▶ _About this task_: Print, exactly as they stand, the lines below from the one that has "フレンズヒル 冷えとりソックス 靴下" to the one that has "The Air Force Commander’s", inclusive, leaving out the pictures.

▶ _Supplied material_:
-- Opening Marker --

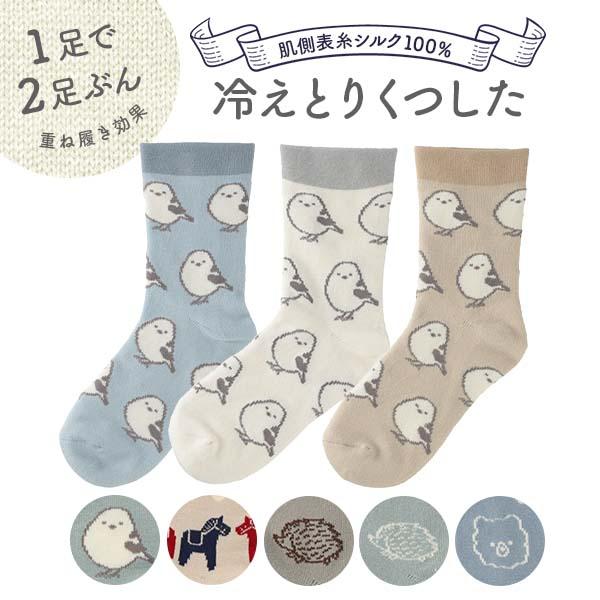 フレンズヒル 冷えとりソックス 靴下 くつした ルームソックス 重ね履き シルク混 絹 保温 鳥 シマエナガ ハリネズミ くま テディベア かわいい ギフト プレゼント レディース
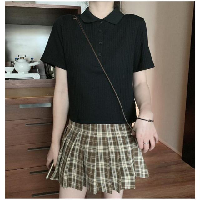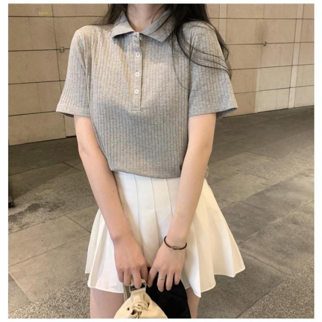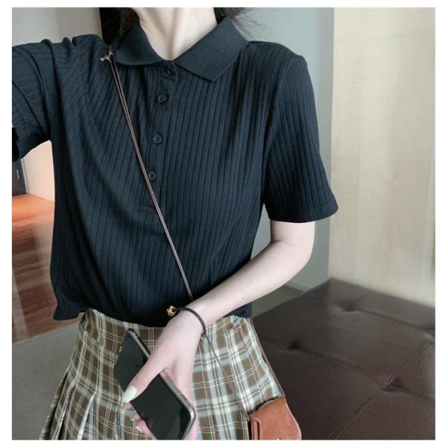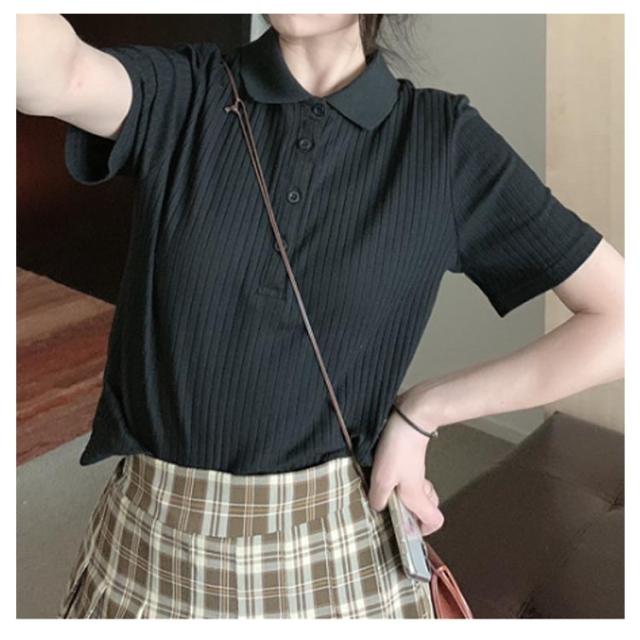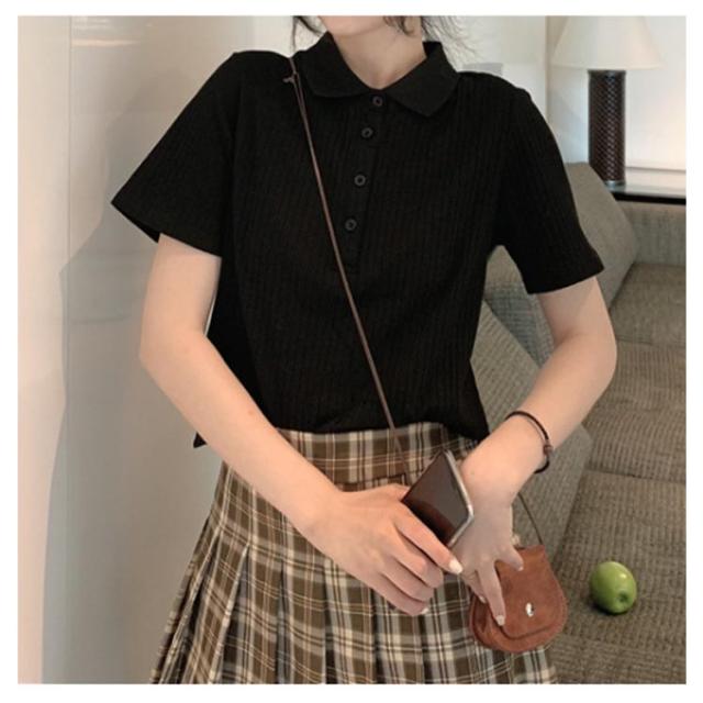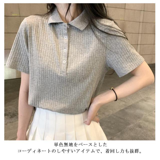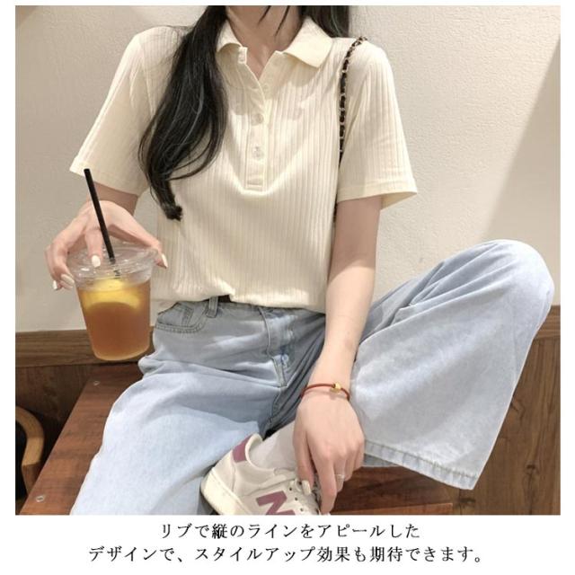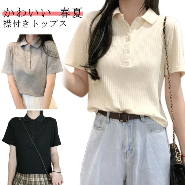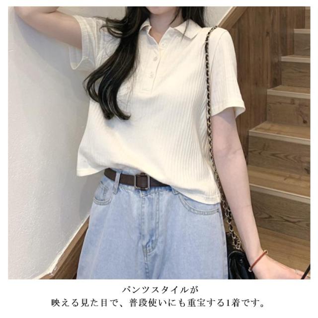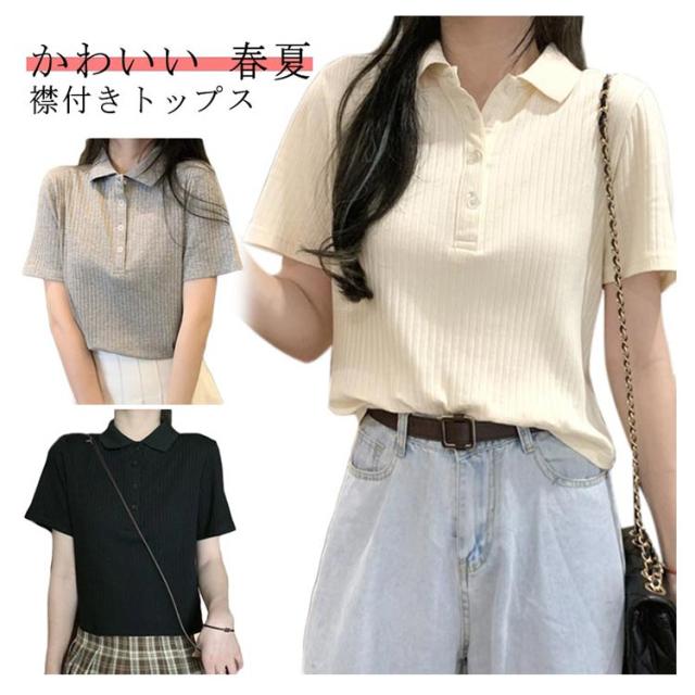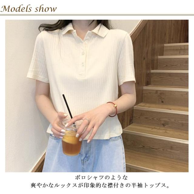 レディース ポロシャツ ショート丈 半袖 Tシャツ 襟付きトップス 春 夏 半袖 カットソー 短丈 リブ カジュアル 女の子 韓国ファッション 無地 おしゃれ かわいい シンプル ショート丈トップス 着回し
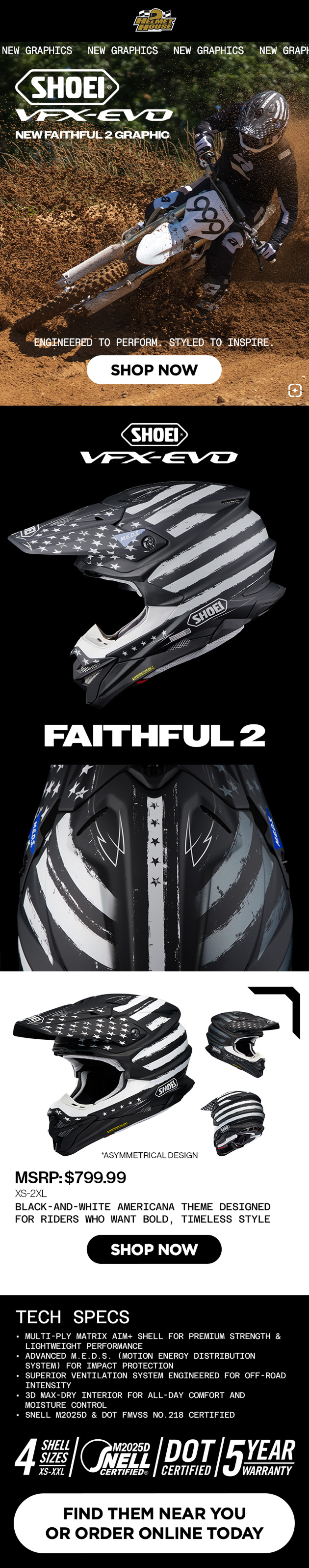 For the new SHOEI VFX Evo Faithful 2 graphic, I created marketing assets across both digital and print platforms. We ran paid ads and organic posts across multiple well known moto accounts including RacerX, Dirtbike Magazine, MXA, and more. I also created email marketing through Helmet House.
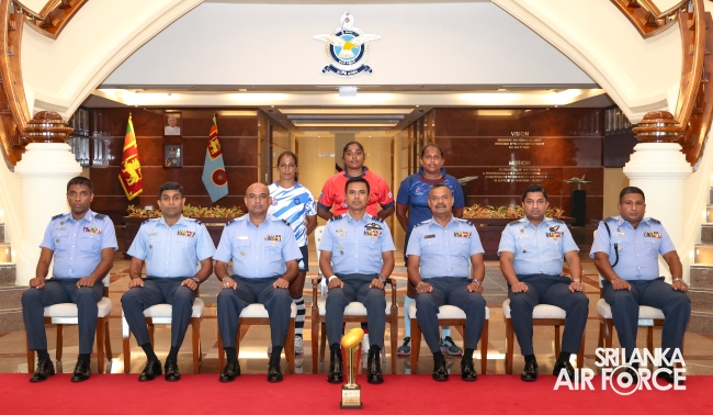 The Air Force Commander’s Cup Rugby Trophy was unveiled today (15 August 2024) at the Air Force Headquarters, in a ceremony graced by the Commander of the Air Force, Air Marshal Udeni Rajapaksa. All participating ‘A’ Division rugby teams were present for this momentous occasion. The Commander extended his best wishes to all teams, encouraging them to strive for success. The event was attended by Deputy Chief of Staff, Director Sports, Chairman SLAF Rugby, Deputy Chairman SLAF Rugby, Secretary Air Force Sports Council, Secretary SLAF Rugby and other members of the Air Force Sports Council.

-- Closing Marker --
-- Opening Marker --

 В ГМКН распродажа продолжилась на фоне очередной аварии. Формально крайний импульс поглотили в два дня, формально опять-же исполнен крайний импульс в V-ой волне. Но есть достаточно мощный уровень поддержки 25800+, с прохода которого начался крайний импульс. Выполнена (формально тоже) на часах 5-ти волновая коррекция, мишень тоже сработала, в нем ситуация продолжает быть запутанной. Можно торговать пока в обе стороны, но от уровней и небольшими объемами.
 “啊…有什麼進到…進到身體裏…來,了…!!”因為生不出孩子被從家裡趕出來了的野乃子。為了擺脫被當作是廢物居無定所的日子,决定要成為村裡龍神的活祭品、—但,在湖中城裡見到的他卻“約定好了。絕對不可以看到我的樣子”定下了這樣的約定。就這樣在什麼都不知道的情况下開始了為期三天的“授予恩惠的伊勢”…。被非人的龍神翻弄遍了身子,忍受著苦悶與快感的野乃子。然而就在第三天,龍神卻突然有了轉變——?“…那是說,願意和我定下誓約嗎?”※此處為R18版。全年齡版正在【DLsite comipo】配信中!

-- Closing Marker --

▶ _Solution below_:
 フレンズヒル 冷えとりソックス 靴下 くつした ルームソックス 重ね履き シルク混 絹 保温 鳥 シマエナガ ハリネズミ くま テディベア かわいい ギフト プレゼント レディース
 レディース ポロシャツ ショート丈 半袖 Tシャツ 襟付きトップス 春 夏 半袖 カットソー 短丈 リブ カジュアル 女の子 韓国ファッション 無地 おしゃれ かわいい シンプル ショート丈トップス 着回し
 For the new SHOEI VFX Evo Faithful 2 graphic, I created marketing assets across both digital and print platforms. We ran paid ads and organic posts across multiple well known moto accounts including RacerX, Dirtbike Magazine, MXA, and more. I also created email marketing through Helmet House.
 The Air Force Commander’s Cup Rugby Trophy was unveiled today (15 August 2024) at the Air Force Headquarters, in a ceremony graced by the Commander of the Air Force, Air Marshal Udeni Rajapaksa. All participating ‘A’ Division rugby teams were present for this momentous occasion. The Commander extended his best wishes to all teams, encouraging them to strive for success. The event was attended by Deputy Chief of Staff, Director Sports, Chairman SLAF Rugby, Deputy Chairman SLAF Rugby, Secretary Air Force Sports Council, Secretary SLAF Rugby and other members of the Air Force Sports Council.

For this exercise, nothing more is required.